Feel like you’re being blown about all over the place? Here’s how to drive safely in high winds
Driving in strong wind can be just as tricky as driving in heavy rain or when the sun is low. While strong winds don’t usually bring the risk of flooding or poor visibility, they can cause damage to buildings, roads, infrastructure and trees. When driving in high winds, you might come across debris, closed roads and swerving vehicles, so it’s good to know how you can be as prepared as possible.
Driving in wind
The direction that the wind is blowing will make a huge difference on your car. In a headwind, where you’re driving directly into the wind, you may find it harder to accelerate or you might have to press the accelerator more than you’re used to. Conversely, in a tailwind, the wind can carry you along so you’ll need to watch your speed – you might be travelling much faster than you realise.
Crosswinds can affect any vehicle, especially in very gusty conditions. You may feel your car being pushed towards the verge or towards the next lane on the motorway. Be prepared for this by firmly (but not over-tightly) holding the steering wheel, and being aware of when gusts might hit you.
In strong winds, you’re most likely to be affected on exposed stretches like bridges or roads without trees lining them. You need to take care when overtaking large vehicles, as they might be blocking wind gusts that’ll hit you once you’ve passed.
What vehicles are most likely to be affected by high winds?

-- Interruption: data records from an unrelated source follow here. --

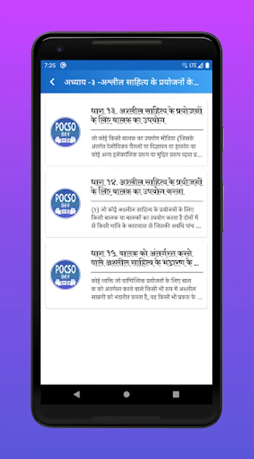 Protection of Children from Sexual Offences Act, 2012 (लैंगिक अपराधों से बालकों का संरक्षण अधिनियम, 2012), is now available in Hindi language on your Android devices. The POCSO Act, 2012 app is divided properly in chapters, and sections with details in Hindi language.
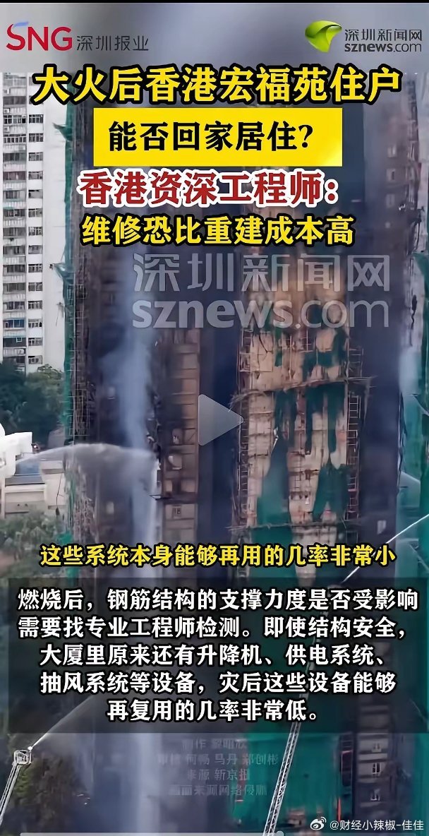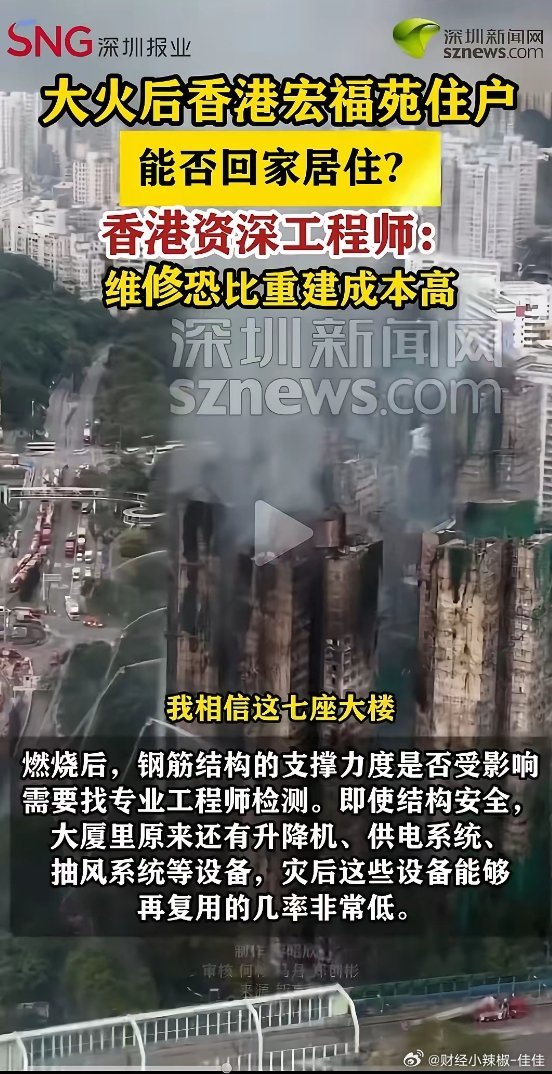 香港宏福苑估计很快会重建了。刚刚看到香港资深工程师说了香港宏福苑的维修成本比重建成本高。灾后的供电系统,抽风系统能够重新使用的概率很低。很多居民都在问能否回家住,这位资深工程师的话几乎已经给出了答案。毕竟是42年的老楼,修缮的费用高昂,还不如原地重建,香港政府已经出资3亿,内地60家企业捐款已经超过5亿,香港的富豪家族捐款也超过过2亿,再加上其他捐赠,建七幢楼估计在15亿左右,这个资金还是足够的。只是再建的话希望不再建那么高,一幢楼17层左右为最佳,符合香港消防云梯55米的基本救援要求。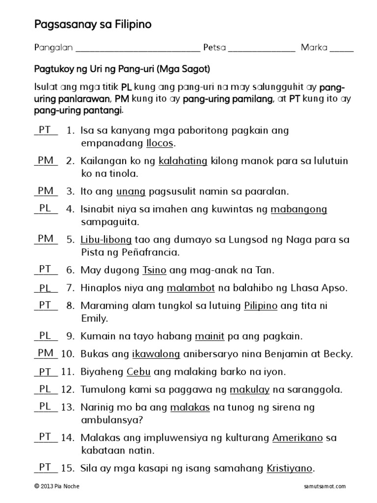 The student is asked to classify the adjective in bold in each sentence as panlarawan pantangi or pamilang. Found worksheet you are looking for. Some of the worksheets for this concept are Pang uri na panlarawan Pagsasanay sa filipino Pagsasanay sa filipino Panghalip na pananong set a.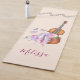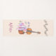 Personalisierter Yoga-Matte mit musikalischen Noten und einer hölzernen Geige, einige rosa Ballett-Hausschuhe, die davor stehen und mit Blume und Schmetterlingen geschmückt sind. Set auf einem pfirsichrosa Hintergrund.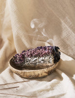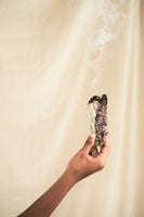 What’s Included: one 4-5” white sage sacred smoke stick adorned with all natural lilac flowers.
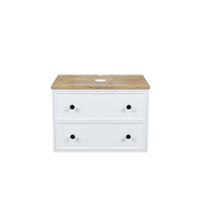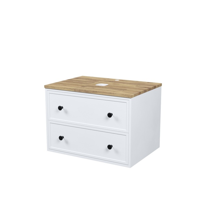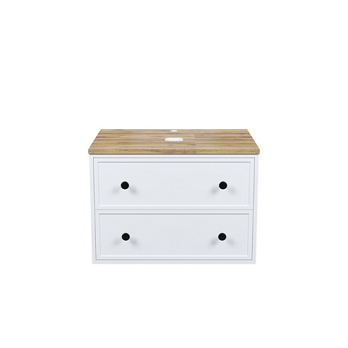 Компактная подвесная тумба Torr классического молочно-белого цвета со столешницей из клееного натурального дуба. Сочетает в себе узнаваемый стиль и практичность популярного скандинавского дизайна. Ее четкие формы, теплый цвет дерева, фасады с декоративной филенкой, круглые ручки смотрятся гармонично и впишутся в любой современный интерьер. Подойдет любой накладной умывальник, покупается отдельно.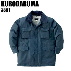 ワークユニフォーム KURODARUMA 3851 防寒コート 撥水 衿ボア 収納式フード 男性用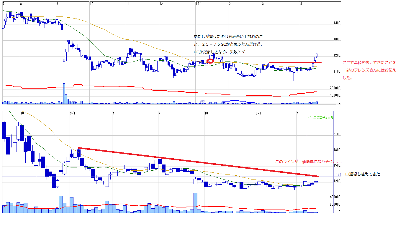 1月に25-75ゴールデンクロスか?と思って買った銘柄ですが、そのGCがだましとなり、しばらく悩まされた銘柄ですーー;ちと、買うのが早すぎた><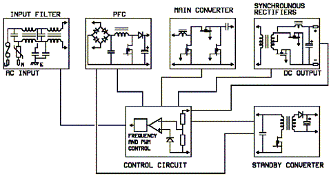 控制電路。半導體制造商最近以來一直在開發(fā)用于電源的集成化控制電路。這樣可以減少組件數量、降低制造成本并節(jié)省板空間,哪怕集成電路可能本身比離散組件更為昂貴。比如IR1150-這是一種PFC芯片,作為單循環(huán)控制(OCC)設備使用,可以在保持電源系統性能的同時大大減少元組件數量。同樣,可以通過特殊應用芯片來進行主轉換器電壓控制、過電流保護、過電壓保護和過溫度保護,并控制輸出整流器轉換。另外,還可以通過同步單啟動分源、借助邏輯控制來關閉電源的抑制電路、“電源狀態(tài)良好”信號、備用轉換器控制功能等控制渠道來提高應用的靈活性。當交流電源存在時,備用轉換器可以單獨提供5V的輸出。
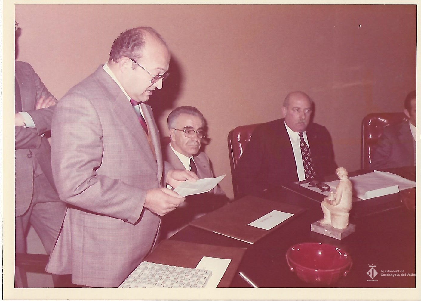 Acte d'homenatge a la sala del Ple de l'Ajuntament de Cerdanyola del Vallès presidit per l'alcalde Domingo Fatjó Sanmiquel per la jubilació del secretari Justiniano Hidalgo Barriuso el 26 de març de 1975
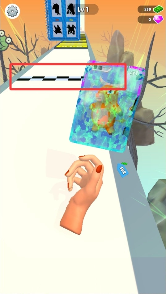1、极速冲刺,在直线赛道上控制卡牌怪兽全力奔跑。灵活躲避障碍物,收集沿途钻石和卡牌碎片。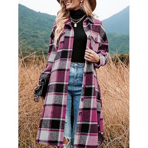 Women's Winter Coat Coat Warm Comfortable Pocket Open Front Casual Plaid Vacation Going out Weekend Long Turndown Regular Fit Long Sleeve Outerwear Black Brown Khaki Fall Winter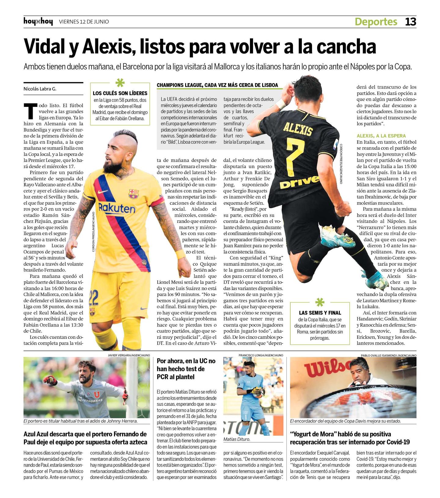 Todo listo. El fútbol vuelve a las grandes ligas en Europa. Ya lo hizo en Alemania con la Bundesliga y ayer fue el turno de la primera división de la Liga en España, a la que mañana se sumará Italia con la Copa local, y a la espera de la Premier League, que lo hará desde el miércoles 17.

Some vehicles and road users are more susceptible to heavy winds than others. These include:
- Cyclists and motorbike riders
- Horse riders
- Vehicles that are relatively tall compared to their footprint (such as small hatchbacks or SUVs, campervans or cars with roof boxes)
Even if you’re not driving one of these vehicle types yourself, be alert when driving close to them in case of sudden swerving, and give bike riders more space.
When is it too windy to drive a car?
If you can see that trees are being blown sideways or if you feel that you could potentially be pushed over by the wind, you might want to think twice about getting in the car unless it’s absolutely necessary. The higher the wind speed, the more likely you are to come across fallen trees, debris and lorries swerving to fight the wind. In really high winds, you might see empty lorries with their curtains open so that they’re less susceptible to crosswinds.
Is it better to drive fast or slow in high winds?
As with any adverse weather, it’s better to slow down when driving in strong winds. Really high winds can affect how your car brakes and drives, so it’s better to drive slower in these conditions so you have more control and more time to react. Increase the distance between you and the vehicle in front, so you can look further up the road and anticipate things changing.
How can I protect my car from wind storms?
The main thing you can do to protect your car from wind storms is to be careful where you park. In high winds, try not to park under trees or near anything that could damage your car – like errant supermarket trolleys.